Plaintiffs must be denied recovery on this theory because it is evident that the strike was not aimed at each as apart from the public generally.
At the same time the damages sued for are too remote and too indirect. In a proceeding arising out of alleged wrongful acts by public employers or employees (absent specific statutory authority empowering such an action), the plaintiff must show damages incurred by himself different in character from those sustained by the public generally (31 A.L.R.2d 1142, 1176; Slavin v. McGuire, 205 N.Y. 84). The injuries sustained by plaintiffs are no different in kind or quality from those sustained by *317everyone affected by the strike. The intentional nature of the tort herein, it may be argued, was directed against everyone. But in actuality, it was directed against no one in particular, except the employer, who does not sue herein.

Jamur Prods. Corp. v. Quill, supra at 508-09.

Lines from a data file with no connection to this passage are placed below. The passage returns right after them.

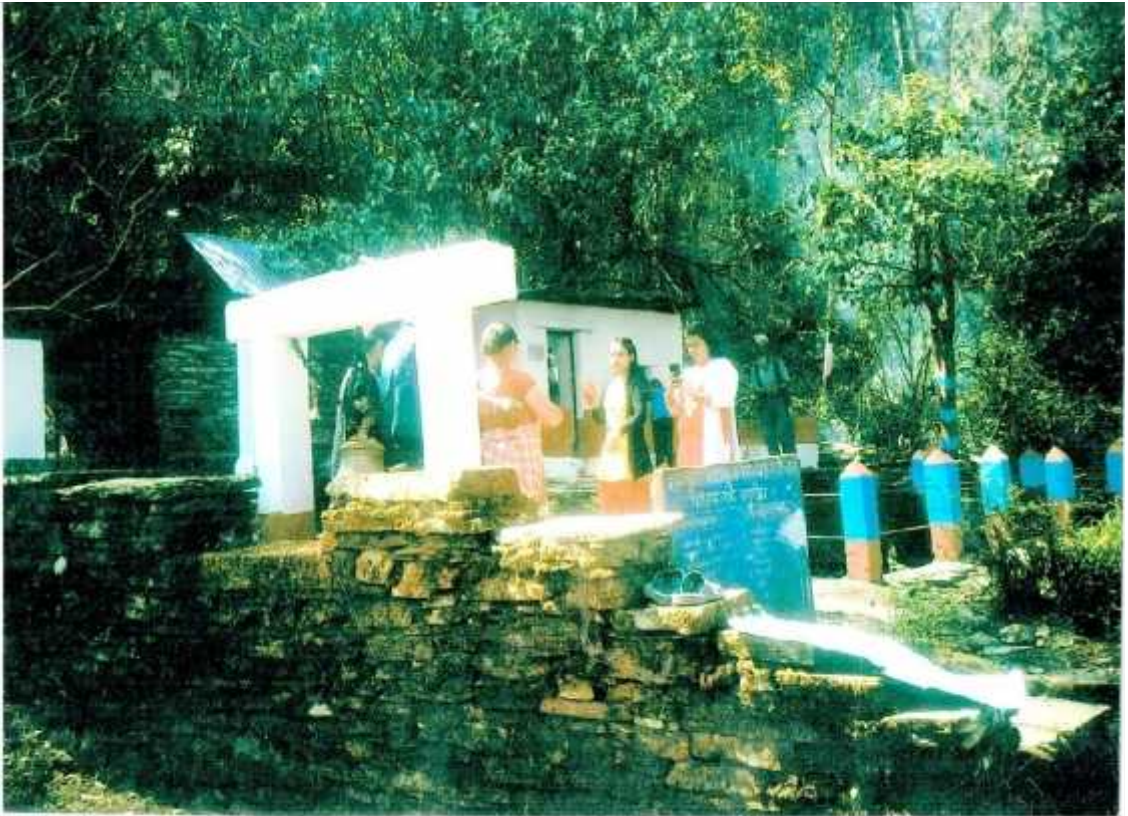
काउलेपानी देवीको मनिदर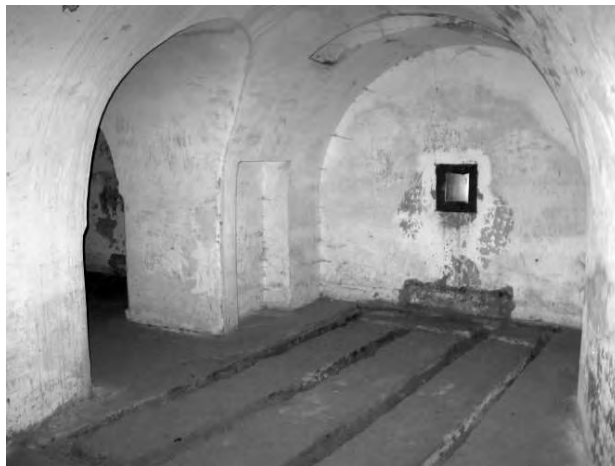
Світлина 16. Артилерійський каземат для 57 мм гармати

У 1995 р. форт №V внесли до списку історико-культурних цінностей Республіки Білорусь. Цій події передувала велика науково-дослідна робота, яку виконали співробітники меморіалу. У квітні 1997 р. на нараді в Брестському облвиконкомі вперше обговорювали питання про підготовку форту №V для екскурсійного обслуговування, тоді ж затвердили перелік заходів з облаштування форту. Територію і будівлі очистили від сміття, встановили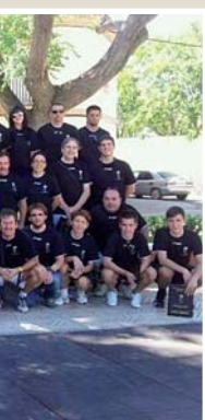
Los Institutos de Educación Secundaria Azuer y Sotomayor recibieron una charla organizada por el área de Promoción Económica del Ayuntamiento para que sus alumnos tuvieran unas nociones básicas de lo que es el autoempleo.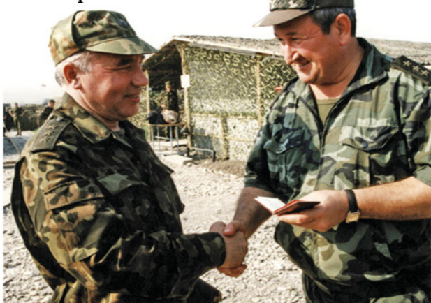
С командующим войсками СКВО генерал-полковником Г. Н. Трошевым.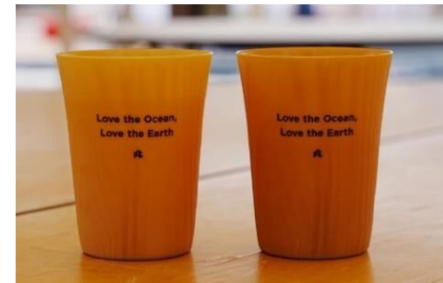
表彰式でも、間伐材を使用した『森のタンブラー』を使用

Neither the pleadings nor affidavits state facts which would support a finding that the union acted for the purpose of interfering with plaintiffs' business relationships, nor is there any indication that the strike was directed at anyone other than the employer or the public at large. All strikes have the potential to affect the public, but there is no evidence here that the purpose of the strike was other than to further the union's bargaining position in negotiations with the Washington State Ferry System. Any harm to plaintiffs was incidental to the purpose of the strike.

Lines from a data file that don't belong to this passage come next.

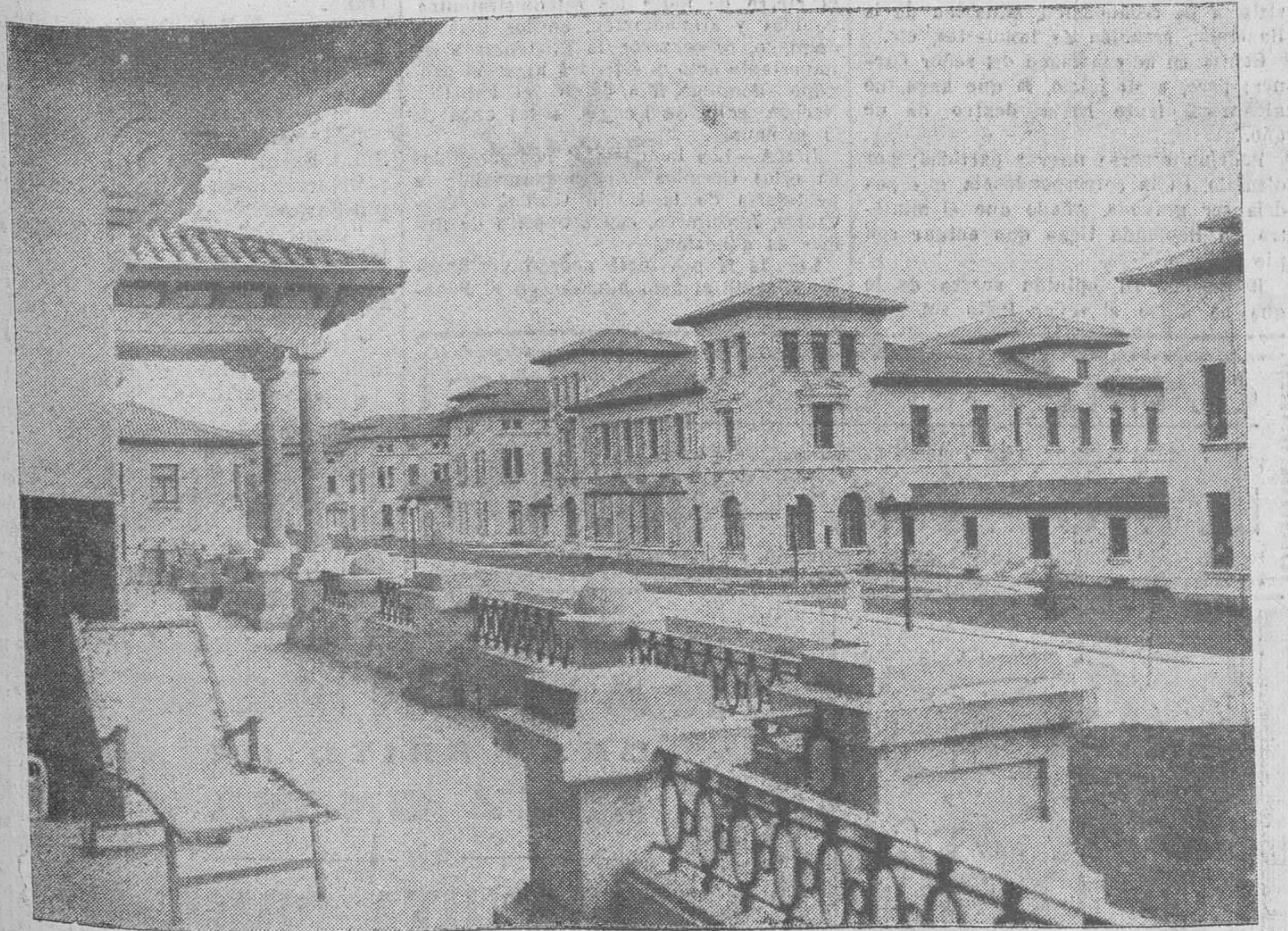
Uno de los "solariums" de la espléndida Casa de Salud Valdecilla, en estos hermosos días del invierno.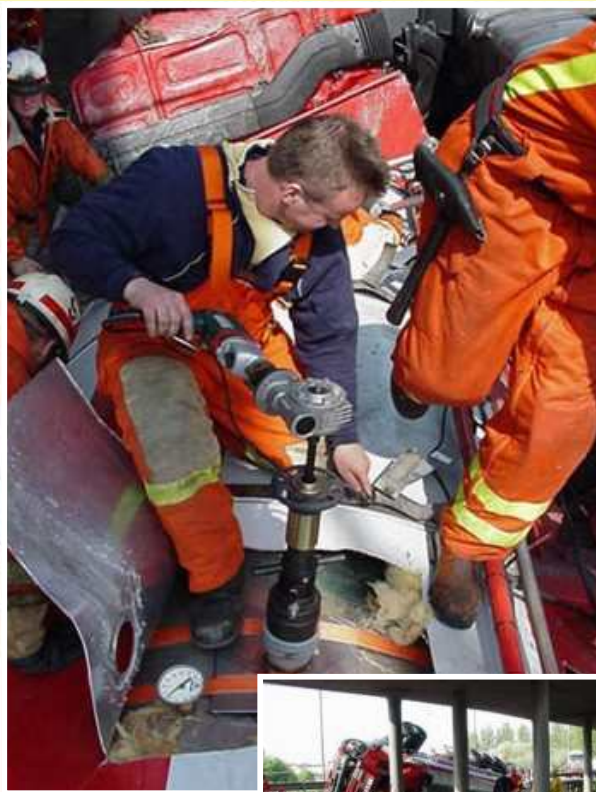
Sege, Ruotsi 2000/05/10 Kaatunut polttoöljysäiliö tyhjennettiin laitteella.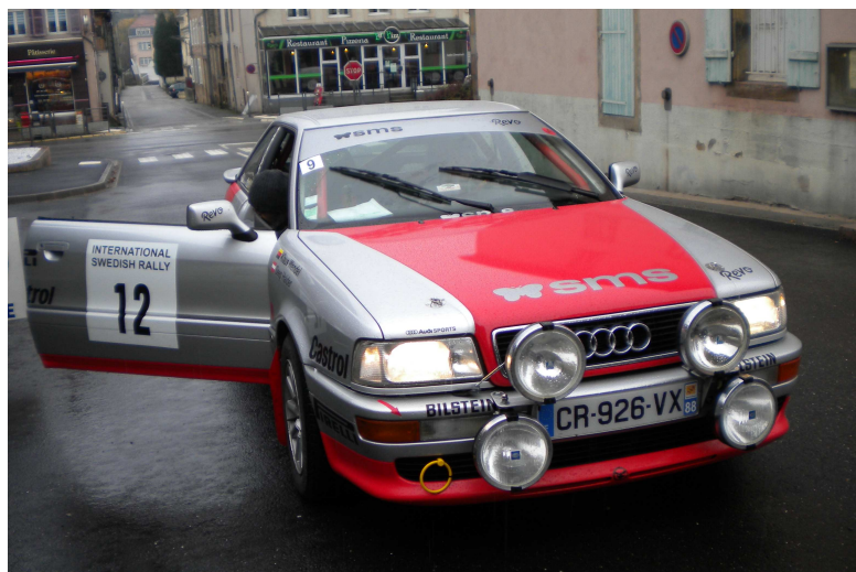
Prêt pour le départ

Café et brioche permettaient aux concurrents d'attendre leur tour aux formalités et surtout de faire connaissance ou de se retrouver et bien sur, parler voiture et météo.

Neither can plaintiffs recover as third-party beneficiaries of the collective bargaining agreement. Even if we assume that the union breached the "no strike" clause of its collective bargaining agreement with the State, plaintiffs were not intended to be beneficiaries of the agreement and therefore may not hold the union liable for damages resulting from its breach. Titus v. Smeltermen's Union Local 25, supra. In McDonald Constr. Co. v. Murray, 5 Wn. App. 68, 70-71, 485 P.2d 626 (1971), quoting American Pipe & Constr. Co. v. Harbor Constr. Co., 51 Wn.2d 258, 266, 317 P.2d 521 (1957), the court stated:

In regard to the requisite intent, in Vikingstad v. Baggott, 46 Wn. (2d) 494, 282 P. (2d) 824, we recognized the rule stated in 81 A.L.R. 1271, 1287, that such "intent" is not a desire or purpose to confer a benefit upon the third person, nor a desire to advance his interests, but an intent that the promisor shall assume a direct obligation to him.

Plaintiffs were not intended to be beneficiaries of the collective bargaining agreement, as the union did not assume a direct obligation to them.

*318Affirmed.

Callow and Ringold, JJ., concur.

Reconsideration denied November 16, 1978.

Review granted by Supreme Court March 16, 1979.